Your sisters will ask why you didn’t tell them sooner. They won’t scream, they will claim they won’t judge you, but after they find out, they will be suspicious for years. They will side-eye every boy you bring home. They will be relieved when it’s a girl, never suspecting she’s just like him. They won’t recognize you when you are finally, finally in love with someone beautiful on the inside.
Your baby brother is the one who will cry, when you tell him. He will cover his face with his hands and ask if he can hug you, if you are okay. He’ll ask what you want him to do. When you shake your head and tell him nothing, he will feel helpless. Don’t worry; this will pass. Someday he will understand this was true, and why. He will learn to believe in your strength again.
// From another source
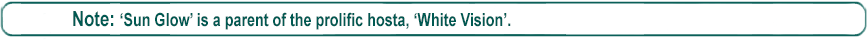 | 'White Vision' | Hybrid | 'Sun Glow' | 'Gold Cup' | Aden, Paul | (GENETIC BACKGROUND) 'Aden No. 370', 'Aspen Gold', 'Gold Cadet', 'Gold Cup', 'Golden Prayers', 'Golden Waffles', 'Sun Glow', 'Tokudama', 'Tokudama Aureonebulosa' ++(SIMILAR.HOSTAS) 'August Moon', 'Golden Prayers', 'Zounds' |

One day, years down the line, you will go home to visit your mother, and you’ll bump into him in the grocery store. You will feel a slight flutter in your belly - this is something that will never go away - and maybe even a twinge of nausea. It will only last a moment. You will walk right by him as though you’ve never met, as though he is nothing. The sickness will fade by the time you’re in the check-out aisle.
You will find this hard to imagine, in those first few weeks after leaving him. It may stay this way for years, with you fluctuating between hating him and missing him wildly, desperately. But I promise, I promise, I’m telling you the truth. You’re going to be okay. Someday, someday. You’re going to be okay.